Der Hintergrund: Walter Romberg war der letzte Finanzminister der DDR. Auf Geheiß Helmut Kohls wurde er im Sommer 1990 aus der Ostberliner Regierung geworfen: offiziell wegen „Unfähigkeit“, tatsächlich aber wohl, weil seiner Schätzung nach die „Kosten der Einheit“ deutlich höher sein würden, als von der bundesdeutschen Führung fälschlicherweise behauptet. Realismus ist riskant.
Als Mathematiker von Graden hatte Romberg viele Jahre lang die Redaktion des „Zentralblattes für Mathematik“ der DDR geleitet, einer international angesehenen Fachzeitschrift. Er stammte aus Mecklenburg, war bis zur Schmerzgrenze sachlich, konnte aber dennoch lachen.

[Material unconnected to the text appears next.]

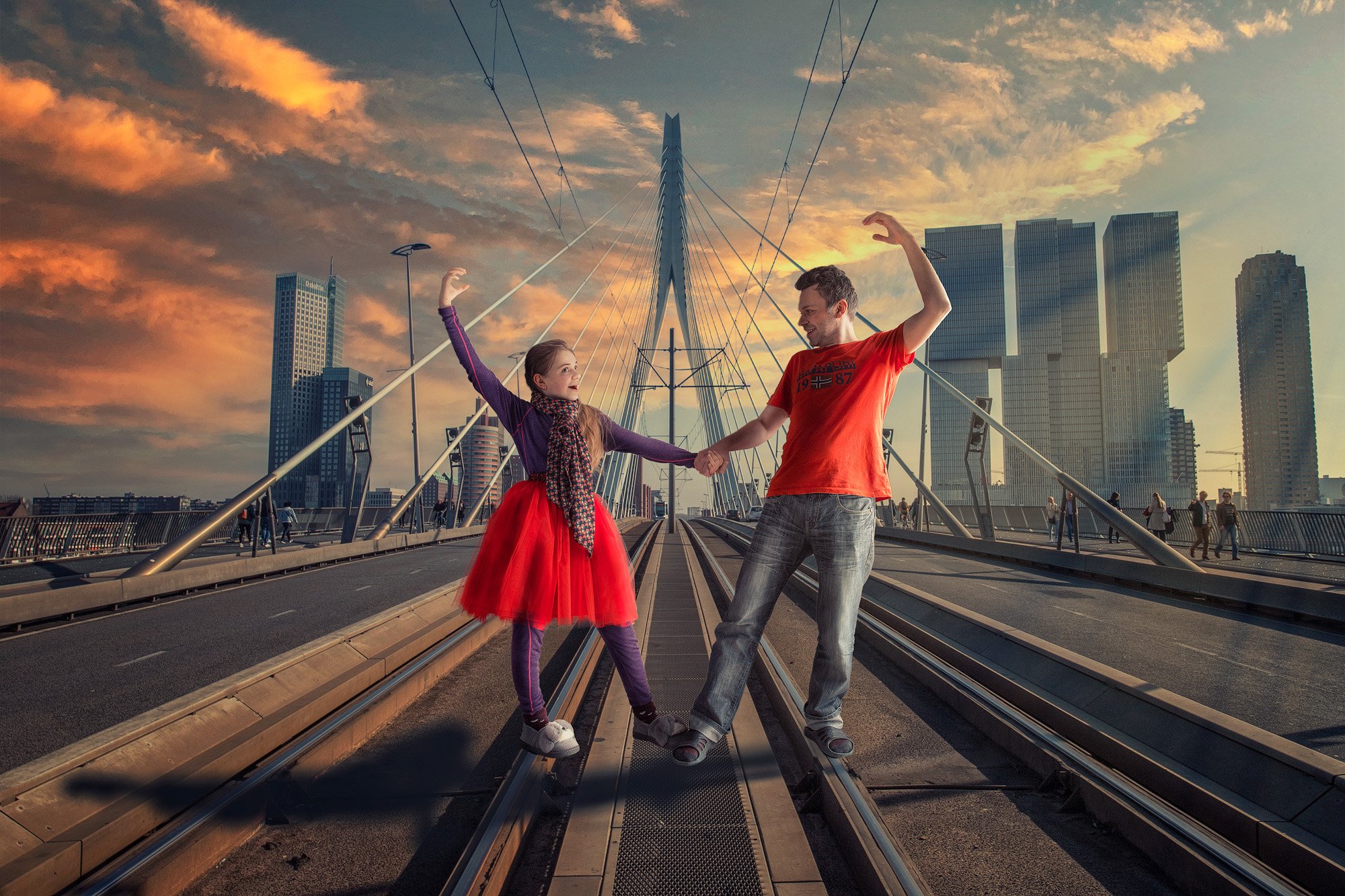 мост, танец, девочка, мужчина, роттердам, Николай Сизиков

Als profilierter Laie leistete er wichtige Beiträge zur Friedensarbeit des Bundes der Evangelischen Kirchen in der Deutschen Demokratischen Republik. Sein Interesse an sicherheitspolitischen Fragen ließ ihn „nicht-offiziellen“ Kontakt mit der Studiengruppe Alternative Sicherheitspolitik (SAS) aufnehmen. Walter Romberg wurde deren einziges Mitglied in der DDR: sozusagen „im Untergrund“.
Ihn hatte der Ansatz überzeugt, durch eine Strukturreform der Streitkräfte in Mitteleuropa, durch eine „Umrüstung“ auf eine vertrauensbildende Defensive, Spielräume für die Abrüstung zu schaffen. Ebenfalls sah er unilaterale Maßnahmen in dieser Richtung als sinnvoll an, um einen Prozess reziproker Schritte der Konfliktparteien auszulösen.

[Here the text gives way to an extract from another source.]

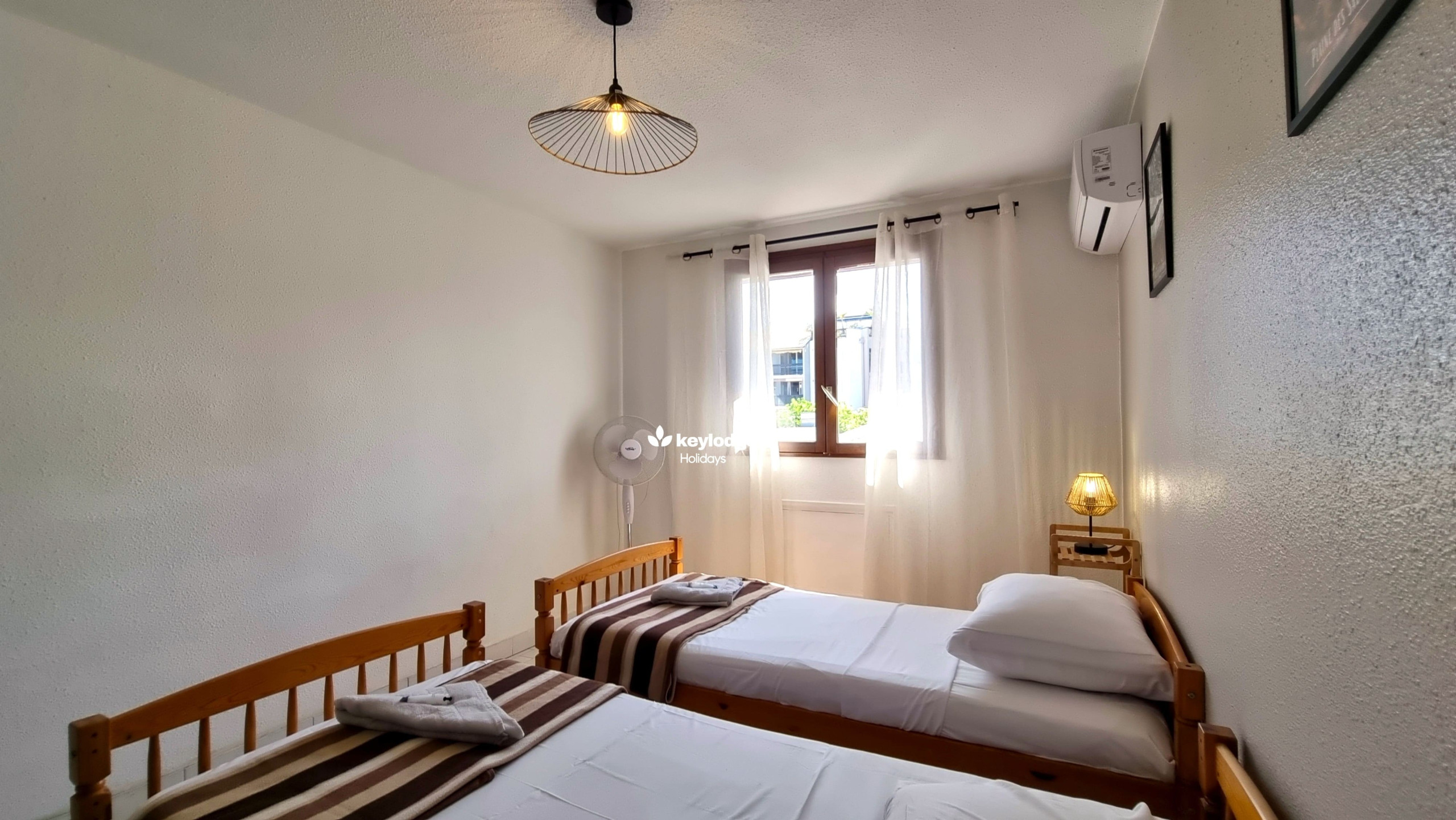 ✅ A air-conditioned bedroom with 2 single beds and storage space.

So machte er sich mit Verbissenheit und Akribie an das Sammeln militärpolitisch relevanter Daten aus allen nur denkbaren Quellen (wurde zu einem „Ein-Mann-Geheimdienst“), um auf dieser Basis den SAS-Denkansatz in ein sehr konkretes Modell wechselseitiger Um-und Abrüstung für Mitteleuropa zu transformieren.
Zudem brachte er es fertig, bei den SED-Oberen, für sich, den DDR-loyalen Vorzeigechristen und Friedenspolitiker, sowie sogar auch für mich, den SAS-Vorsitzenden, Einladungen zu einer zweitägigen internationalen Fachkonferenz im bulgarischen Varna zu erwirken, die unter dem Motto „European Security and Non-Offensive Defence“ stand (hatte sich doch damals in den einschlägigen Kreisen herumgesprochen, dass die „Offensivität“ der internationalen Stabilität entgegenstand […].
Ein schräges Abenteuer: Am 18. Oktober 1987 flogen wir beide, als Mitglieder der DDR-Delegation, nach Varna am Schwarzen Meer. In der Nacht und dem Tag zuvor hatten wir noch kleinere Ungereimtheiten in Walters Umrüstungsmodell ausgebügelt. Dazu gab es frisches Graubrot, Thüringer Leberwurst (geräuchert) und einen Kasten Berliner Pilsner.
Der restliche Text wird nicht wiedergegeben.